The output must match the lines from the first line of the listing below through the line holding "Пусть функция f" exactly and must contain no pictures.

INFORMATION PROVIDED
Segment Open

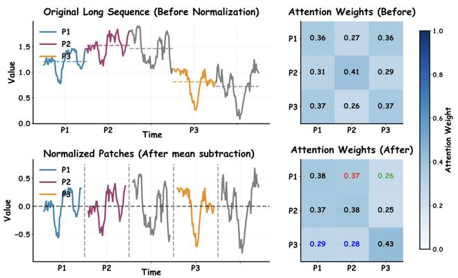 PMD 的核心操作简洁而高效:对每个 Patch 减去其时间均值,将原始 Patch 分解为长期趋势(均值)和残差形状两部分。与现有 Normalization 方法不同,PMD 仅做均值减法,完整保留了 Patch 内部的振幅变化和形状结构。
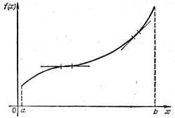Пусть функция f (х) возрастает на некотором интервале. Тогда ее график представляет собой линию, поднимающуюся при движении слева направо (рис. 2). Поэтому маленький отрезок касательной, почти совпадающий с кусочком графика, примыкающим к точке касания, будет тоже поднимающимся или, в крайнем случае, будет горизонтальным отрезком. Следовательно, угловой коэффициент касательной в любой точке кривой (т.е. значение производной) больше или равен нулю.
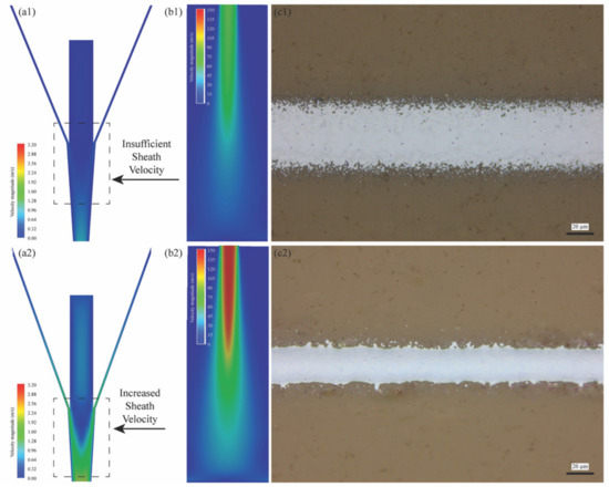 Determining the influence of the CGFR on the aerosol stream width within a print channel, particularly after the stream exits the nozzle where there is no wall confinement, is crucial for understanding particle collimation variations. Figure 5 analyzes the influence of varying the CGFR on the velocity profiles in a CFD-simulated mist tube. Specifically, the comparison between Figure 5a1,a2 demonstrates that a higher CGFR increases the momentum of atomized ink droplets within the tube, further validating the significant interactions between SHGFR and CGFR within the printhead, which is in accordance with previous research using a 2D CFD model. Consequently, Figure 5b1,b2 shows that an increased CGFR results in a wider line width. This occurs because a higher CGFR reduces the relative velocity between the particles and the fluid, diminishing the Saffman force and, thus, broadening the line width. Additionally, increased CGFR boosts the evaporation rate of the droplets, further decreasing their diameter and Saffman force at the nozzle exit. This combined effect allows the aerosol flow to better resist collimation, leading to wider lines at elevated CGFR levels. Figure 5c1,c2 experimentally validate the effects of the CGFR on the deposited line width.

Segment Closed

SOLUTION FOR THIS TASK
 PMD 的核心操作简洁而高效:对每个 Patch 减去其时间均值,将原始 Patch 分解为长期趋势(均值)和残差形状两部分。与现有 Normalization 方法不同,PMD 仅做均值减法,完整保留了 Patch 内部的振幅变化和形状结构。
Пусть функция f (х) возрастает на некотором интервале. Тогда ее график представляет собой линию, поднимающуюся при движении слева направо (рис. 2). Поэтому маленький отрезок касательной, почти совпадающий с кусочком графика, примыкающим к точке касания, будет тоже поднимающимся или, в крайнем случае, будет горизонтальным отрезком. Следовательно, угловой коэффициент касательной в любой точке кривой (т.е. значение производной) больше или равен нулю.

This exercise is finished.